We arrived in Shanghai late in the evening, in time to head to our hotel and get some good sleep for all our sightseeing the next day.  As you can see below, we started off the day with masks.  The air pollution indicators were at "extremely unhealthy" that day.  Even if you don't believe climate change is real, can we all agree that it might be better for all of us if we stop polluting so much?

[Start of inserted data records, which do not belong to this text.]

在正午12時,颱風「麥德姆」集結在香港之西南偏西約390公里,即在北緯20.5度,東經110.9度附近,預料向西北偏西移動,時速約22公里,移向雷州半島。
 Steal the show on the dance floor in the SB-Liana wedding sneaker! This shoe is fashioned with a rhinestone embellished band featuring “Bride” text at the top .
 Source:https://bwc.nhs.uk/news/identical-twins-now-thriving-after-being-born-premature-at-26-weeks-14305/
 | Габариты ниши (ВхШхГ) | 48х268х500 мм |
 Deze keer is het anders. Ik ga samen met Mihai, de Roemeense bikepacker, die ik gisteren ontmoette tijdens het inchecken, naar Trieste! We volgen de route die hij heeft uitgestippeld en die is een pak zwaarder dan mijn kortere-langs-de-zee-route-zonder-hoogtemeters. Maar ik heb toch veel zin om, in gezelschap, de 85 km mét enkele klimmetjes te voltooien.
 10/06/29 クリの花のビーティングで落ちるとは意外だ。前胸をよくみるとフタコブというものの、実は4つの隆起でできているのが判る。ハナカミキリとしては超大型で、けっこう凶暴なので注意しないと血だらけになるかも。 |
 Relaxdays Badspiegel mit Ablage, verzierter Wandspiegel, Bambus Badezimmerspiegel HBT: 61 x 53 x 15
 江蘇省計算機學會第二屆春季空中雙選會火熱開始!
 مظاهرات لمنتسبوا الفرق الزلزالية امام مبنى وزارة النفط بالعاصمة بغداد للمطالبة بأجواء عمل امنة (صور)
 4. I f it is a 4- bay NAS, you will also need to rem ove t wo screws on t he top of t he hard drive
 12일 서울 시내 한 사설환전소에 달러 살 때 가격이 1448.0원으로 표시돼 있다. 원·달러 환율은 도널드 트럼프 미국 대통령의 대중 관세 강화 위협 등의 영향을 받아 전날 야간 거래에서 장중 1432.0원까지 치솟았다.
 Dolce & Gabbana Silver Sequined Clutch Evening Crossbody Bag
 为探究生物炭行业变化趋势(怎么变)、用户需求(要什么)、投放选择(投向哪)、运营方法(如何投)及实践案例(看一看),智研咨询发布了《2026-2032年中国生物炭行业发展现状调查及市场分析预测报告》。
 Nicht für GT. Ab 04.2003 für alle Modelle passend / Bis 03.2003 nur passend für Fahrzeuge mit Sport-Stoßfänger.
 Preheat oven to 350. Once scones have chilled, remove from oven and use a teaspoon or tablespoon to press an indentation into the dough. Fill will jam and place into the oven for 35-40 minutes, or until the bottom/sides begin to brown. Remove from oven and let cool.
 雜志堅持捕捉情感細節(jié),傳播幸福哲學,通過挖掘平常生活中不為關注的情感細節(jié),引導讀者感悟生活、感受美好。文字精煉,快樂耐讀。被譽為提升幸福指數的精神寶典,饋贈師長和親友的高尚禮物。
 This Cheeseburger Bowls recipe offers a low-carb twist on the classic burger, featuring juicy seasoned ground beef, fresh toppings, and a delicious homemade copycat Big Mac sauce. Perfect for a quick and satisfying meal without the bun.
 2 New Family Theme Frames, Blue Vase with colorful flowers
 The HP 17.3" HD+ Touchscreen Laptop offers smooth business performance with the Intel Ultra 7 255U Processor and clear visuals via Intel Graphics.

My vanity can't take wearing a mask in all of my vacation photos.
 
 
 
We enjoyed some souvenir shopping in the Yu Yuan Bazaar and a nice walk through the Yu Yuan Garden (Garden of Contentment).  The garden was created in 1577, but the buildings are "period style", so not that old, but have the look.  The architecture is beautiful and amazing. 

 


 
Paul thinks it's better for photos when he wears a mask and he doesn't have to pretend to smile.



 
Here are some decorations in place in advance of the Chinese New Year holiday that started at the end of January.

 
Next stop on our chilly, gray day was a walk along the Bund, the famous riverfront area in Shanghai.  There are nice views of the river and the skyline along the way.


 
After being outside all morning, it was time for a pretty tea break to warm up at a coffee shop in the M50 Creative Park.  It's an area of art galleries and Chuck and Caryn are considering going in on a new one with an artist friend so we stopped to meet her and check out the space.

 
We refreshed ourselves back at the hotel and then had a delicious dinner at Yunnan, a restaurant with northwestern Chinese/Tibetan cuisine.  Loved the plate toppers.

 
The next day was a little warmer, a little sunnier and less polluted.  We took a stroll through Fuxing Park, which was designed by the French (it's in the so-called French Concession area of Shanghai, settled by the French in 1849 for almost a hundred years).  It was fun to see everyone out enjoying the day, participating in a wide variety of activities from karaoke performances, couples dancing, kite flying, kids playing, and one of my favorites is this old guy doing calligraphy on the sidewalk with water.  We're guessing he was telling a story to the group.

 
I loved the trees in this park and around the neighborhood, so pretty and felt very European.  Even though Shanghai has three times the population of Hong Kong (21 million), it's not sandwiched by water, mountains and the China border so there is more room to spread out, so it felt a bit roomier with bigger sidewalks, more greenery and trees. Here 's a Tai Chi lesson going on below.


 
Birthplace of Chinese Communism anyone?

 
Time for more shopping and eating in a quaint network of alleyways that I can't remember the name of or find on Trip Advisor.  Paul warmed us up with hot chocolate with tapioca pearls and hot milk tea with red rice (was kind of like barley, not as tasty as tapioca pearls).
 
 
After two days in Shanghai, we continued on to Chuck and Caryn's place in Suzhou for two more days, but that will be separate post.  For my parting shot of this post, I'll take you back to Fuxing Park for a fun sight... little kid playing in the dirt wearing easy toilet access split pants (common in China) completely oblivious to the cold air on his bum (and to the dumb foreigner gawking and trying to get it on camera).